Namun, HPI sempat melambat menjadi 6,58 persen pada Maret 2023 setelah BI memutuskan untuk menaikkan tingkat suku bunga acuannya pada Agustus 2022 sebesar 25 bps diiringi dengan kenaikan selanjutnya hingga suku bunga acuan menyentuh level 5,5 persen pada akhir tahun 2022.
Sebagaimana diketahui, Bank Sentral AS (The Fed) masih menahan tingkat suku bunga acuannya pada 5,25-5,5 persen. Walakin, The Fed membuka ruang terhadap pemangkasan suku bunga tersebut setelah Maret jika laju inflasi mencapai target 2 persen. Di sisi lain, Bank Indonesia (BI) memproyeksikan penurunan tingkat suku acuan pada semester II-2024.
Terbukanya ruang pemangkasan suku bunga acuan pada semester II-2024 akan berdampak positif terhadap beban bunga perbankan. Hasil Asesmen Transmisi Suku Bunga Kebijakan kepada Suku Bunga Dasar Kredit Perbankan (SBDK) Januari 2024 oleh BI menunjukkan, SBDK melanjutkan tren stabilitas di tengah kenaikan suku bunga dana dalam setahun terakhir. Kendati cenderung tertunda (lagged effect), kenaikan suku bunga acuan (BI-Rates) pada Oktober 2023 menjadi 6 persen mengakibatkan biaya dana perbankan meningkat.

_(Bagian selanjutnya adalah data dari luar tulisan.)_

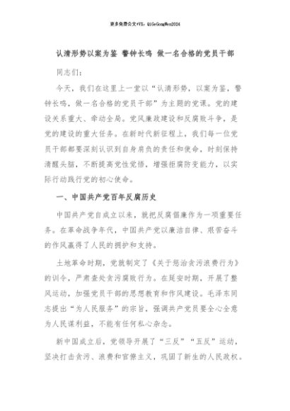 / 【七哥公文】2024年:认清形势以案为鉴 警钟长鸣 做一名合格的党员干部+更多免费公文+VX:QiGeGongWen2024

SBDK menjadi dasar penetapan suku bunga kredit yang akan dikenakan pada nasabah di luar premi risiko yang dapat bervariasi bagi setiap debitor sehingga besaran suku bunga kredit yang dikenakan tidak sama dengan SBDK. Hingga November 2023, SBDK perbankan tercatat 8,79 persen ditopang oleh stabilitas seluruh biaya yang dikeluarkan oleh perbankan dalam menghimpun dana (overhead cost) dan penurunan margin keuntungan bank sebesar 4 basis poin (bps).